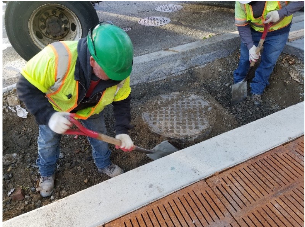
Second Pepco manhole to be adjusted by FMCC
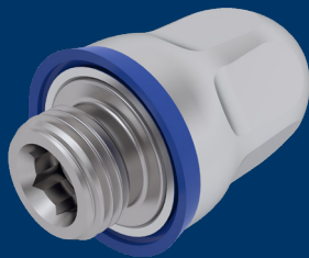
3028 | Straight screw-in connector in hygienic design
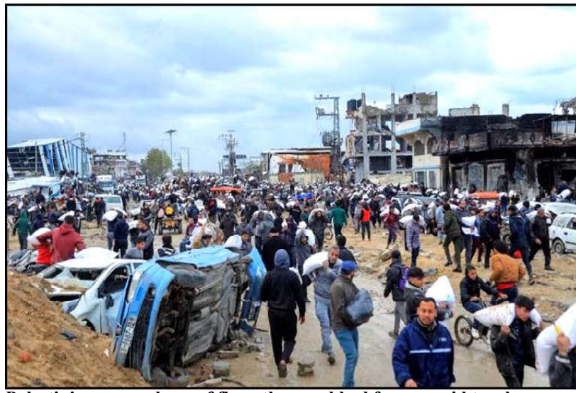
Palestinians carry bags of flour they grabbed from an aid truck near an Israeli checkpoint, as Gaza residents face crisis levels of hunger, amid the ongoing conflict between Israel and Hamas, in Gaza City.

Explaining how this decision could be implemented, Shakir said in interviews to various media outlets that "the UN Security Council could take action to enforce the decision." He acknowledged that the US veto could once again protect Israel in the Security Council but warns that the veto would further weaken the US stance on this issue.

•••••

(Problem to work on):
May I have only the lines from the start of the data through the line containing "Palestinians carry bags", both included, reproduced exactly and without the pictures?

(Solution to this problem):
Second Pepco manhole to be adjusted by FMCC
3028 | Straight screw-in connector in hygienic design
Palestinians carry bags of flour they grabbed from an aid truck near an Israeli checkpoint, as Gaza residents face crisis levels of hunger, amid the ongoing conflict between Israel and Hamas, in Gaza City.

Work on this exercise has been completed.